私は少し考え込み、周りの生徒が居なくなったことを確認して話し始めた。
「…★のシールはただ単に不思議の目印とも取れますけど、それなら『?』のシールとか、何かしら不思議に関係のあるマークを選ぼうと、私だったら思うんです。
ただの考えすぎかもしれないですけど、でも、ここまで来るうちに、どことなく不思議を作った方と私は価値観が似ているような気がしました。
私と同じ価値観なら、何の意味もなく★マークを使うはずがない、と。
それで、★に意味があるとするなら、不思議全部で星が七つ、『七星』となる…と考えたのかも…しれません……」
言葉にして出していくと案外頭が整理できてスッキリした。それに、結構納得のいく答えではないだろうか。

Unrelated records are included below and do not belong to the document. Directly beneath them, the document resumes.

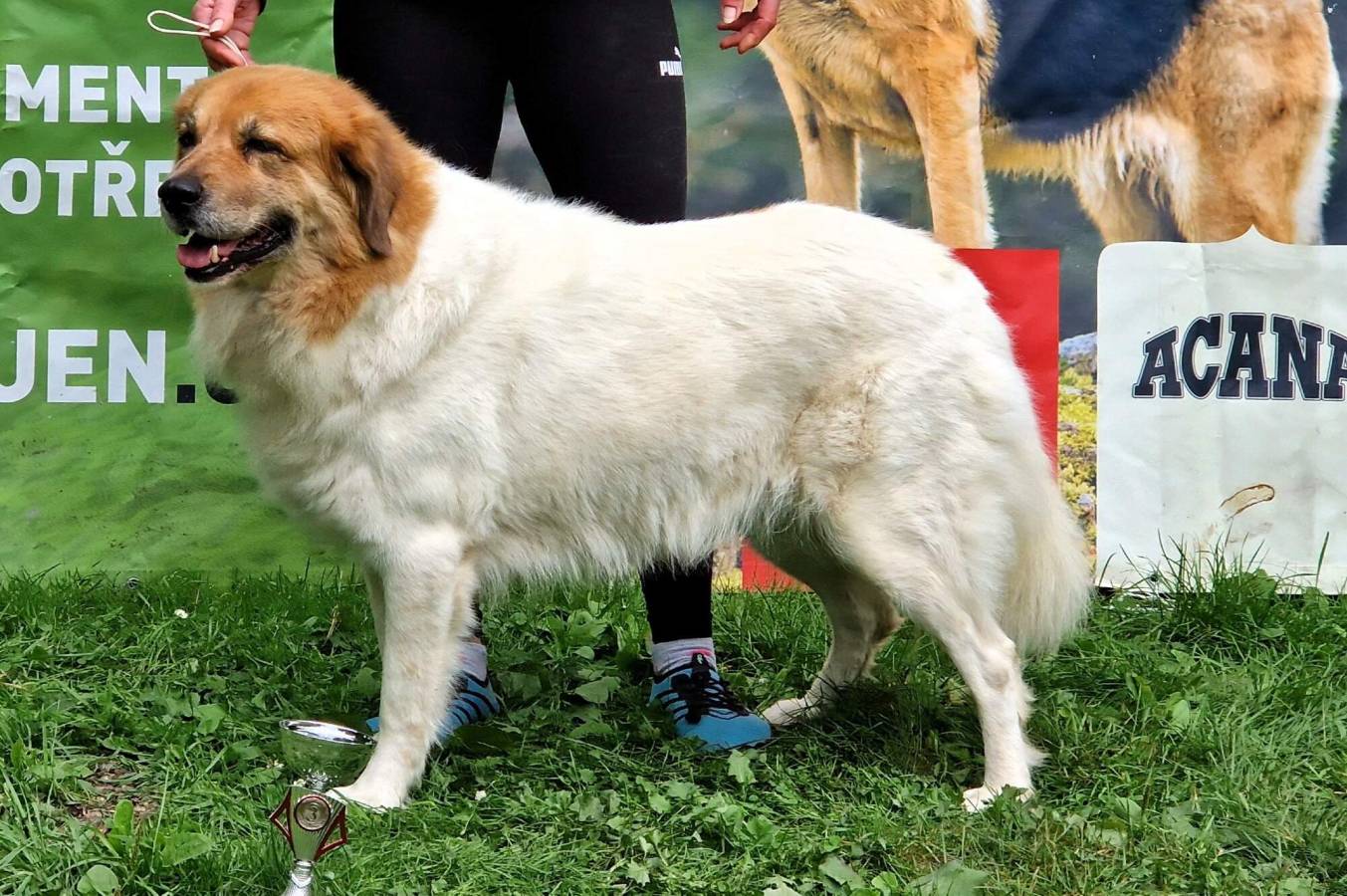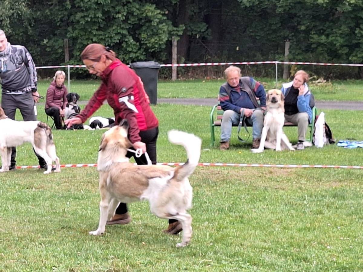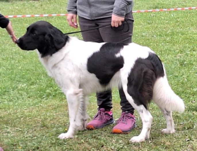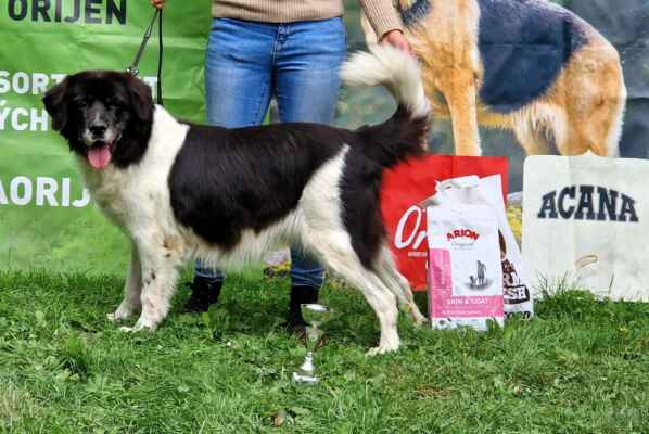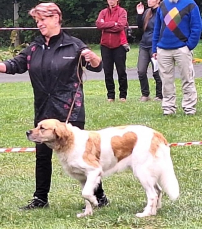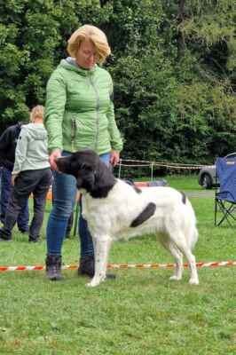 5 letá mohutná fena, výborného tělesného rámce i proporcí, ušlechtilá samičí hlava, středně hnědé oko, sytý pigment, výborný front, korektní hřbetní linie, korektní úhlední vzadu, v postoji lehce sbíhá v hleznech a vytáčí tlapky. Pohyb pravidelný, velmi prostorný a plynulý.
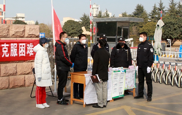 从2月3日起,我校南北校区及相关家属区大门口,多了一群佩戴党徽的“岗哨”,他们就是学校机关的党员干部们。为贯彻落实习近平总书记对防控新型冠状病毒感染的肺炎疫情做出的重要指示精神和上级有关部门的工作部署,充分发挥基层党组织的战斗堡垒作用,以及广大党员和领导干部的先锋模范作用,校党委研究决定,组织机关党委党员干部参加学校疫情防控一线重点部位的门禁管理工作。
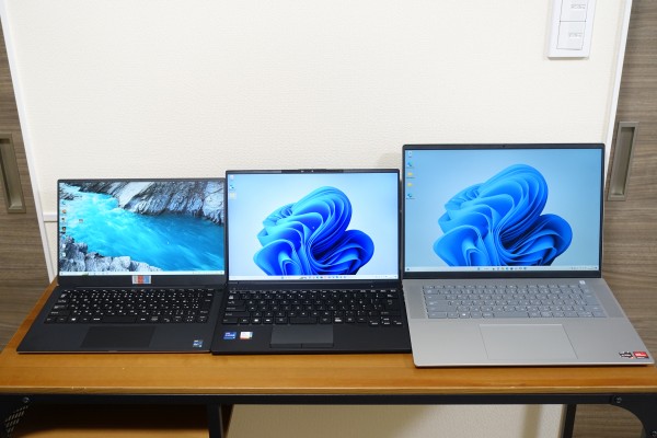 上の画像の左は13.3インチノート(縦横比16:9パネル)、真ん中はレビュー機(14インチ/16:10パネル)、右は16インチノート(16:10パネル)。13.3インチからは一回りパネルが大きくなっていますね。16インチはかなり大きいです。

ちらと先生の顔を伺うと、再びさっきと同じような驚き方をしていた。短くも長く感じる沈黙に、少し不安になってくる。
「…あの、間違ってましたか」
「いや……俺にはわからない。でもその考えは確かに当たってそうだ」
わからない?なんで?
「え、いやあの、先生が作っ、七星さんじゃないんですか?」
「…?先生は中井だよ。中井陸。あれ、言ってなかったっけ」
嘘…え、っていうことは犯人(作者)は二人いたってこと!?そんなのわかるわけ…いや、機械に詳しいって点で作者は理系だと考えられるのか。英語教師の陸先生は文系、その食い違いから二人目の可能性。いやでもでも、陸先生が単に機械に詳しいだけとも考えられるんじゃ……。
んんあーもう、つまり私にはわかりようがなかったってことじゃん。なんか悔しい…。
何も言わず呆けている私を見て「ふふっ」と笑みをこぼし、陸先生は話を続ける。
「実を言うと★のマークの真意は先生もわからないし、そもそもそんなこと気付きもしなかったんだ。主犯は先生じゃないしね。
…だから、本人に聞こう。今日の夜、時間ある?」
「あ、はい…ありますけど…」
「じゃあ、二十時くらいに正門前に来てくれないかな。あいつも呼んでおくから、三人で、話をしよう」
そう言った先生の声はどこか嬉しそうな、楽しそうな調子だった。
一時帰宅し、夕飯を食べてから二十時の三十分前に家を飛び出る。時間に余裕があるというのに、なぜか歩調は遅刻ギリギリの登校時よりも速くなっていた。
五分ほどで正門前に到着する。さすがに早すぎたか、と思ったが、待つこと数分で陸先生の姿が見えた。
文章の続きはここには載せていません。